Kathleen Blackshear was born and raised in Navasota, Texas and began art lessons at age twelve. In 1917, she graduated from Baylor University in Waco, and then she went to New York to study at the Art Students League. Her teachers were Gutzon Borglum, George Bridgman, and Frank Vincent DuMond. In 1918, she moved to Los Angeles, where she worked as a commercial artist and telephone operator. After living briefly in Navasota, she attended the Art Institute of Chicago between 1924 and 1927.
A teacher of art history at the Art Institute of Chicago from 1926 to 1961, Blackshear was active in the art community there and in Navasota, Texas her birth and death place. She lectured at Witte Museum and School of McNey Art Institute in San Antonio, and at an annual series for members of the Museum of Fine Arts in Houston. In 1968, she was named Professor Emeritus at the Art Institute of Chicago. As a painter, graphic artist, and ceramist, she created work that included small town genre scenes and studies of African-Americans. Much influenced by French painter Paul Cezanne, some of her painting is focused on Fauve-like color and flat, two dimensionality.

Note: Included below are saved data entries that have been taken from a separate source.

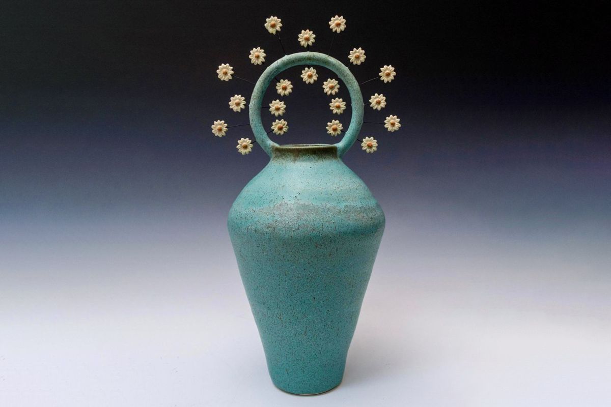 Glazed Stoneware, nichrome wire. Hand-built sculptural vessel. Oxidation firing.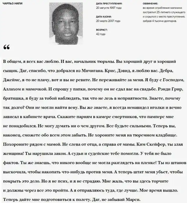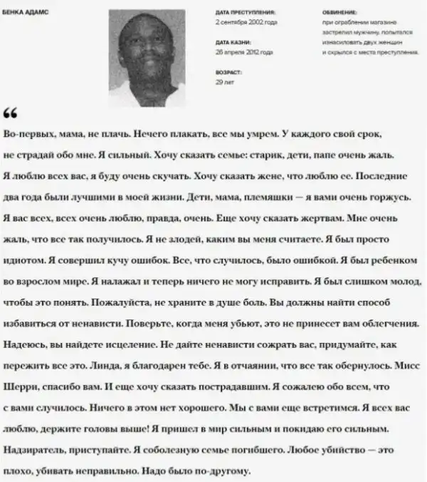 Техасские осужденные-смертники и их последние слова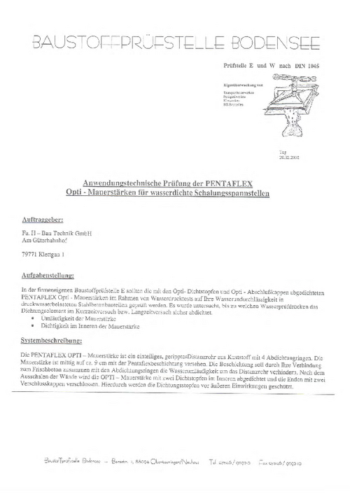 Prüfbericht PENTAFLEX® Opti Mauerstärken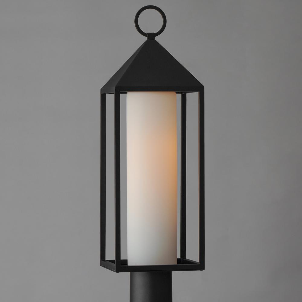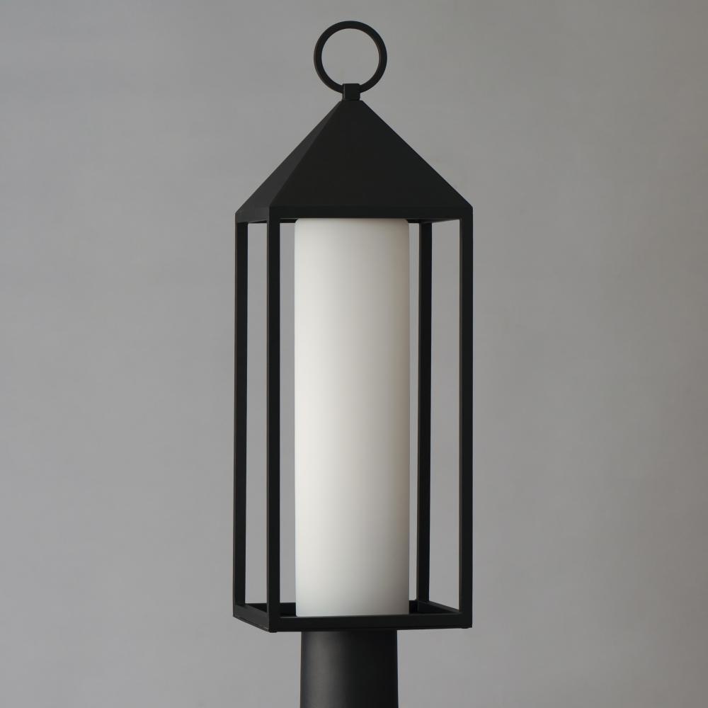 A refreshing take on classic outdoor lanters, this collection features a pyramid capped top with Satin White glass hurricanes housed within. No additional panels of glass are used to frame the lantern, providing an attractive, low maintenance look for outd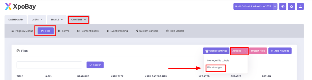 • Upload files tailored for individual users (e.g., 0041.pdf for one exhibitor, sponsor_gold.pdf for another).

One of her early teachers was art historian Helen Gardner, who stimulated Blackshear's interest in Asian and African art subjects. For Gardner, she illustrated two revised editions of her textbooks, "Art Through the Ages" (1926) and "Understanding the Arts" (1932). She also did two dioramas for the 1933 Century of Progress Exposition in Chicago, and illustrated "Art Has Many Faces" by Katherine Kuh. She briefly maintained a studio in Houston and spent many summers at her home in Navasota, and retired there in 1961. She also did sketching in Arizona, New Mexico, and Mexico.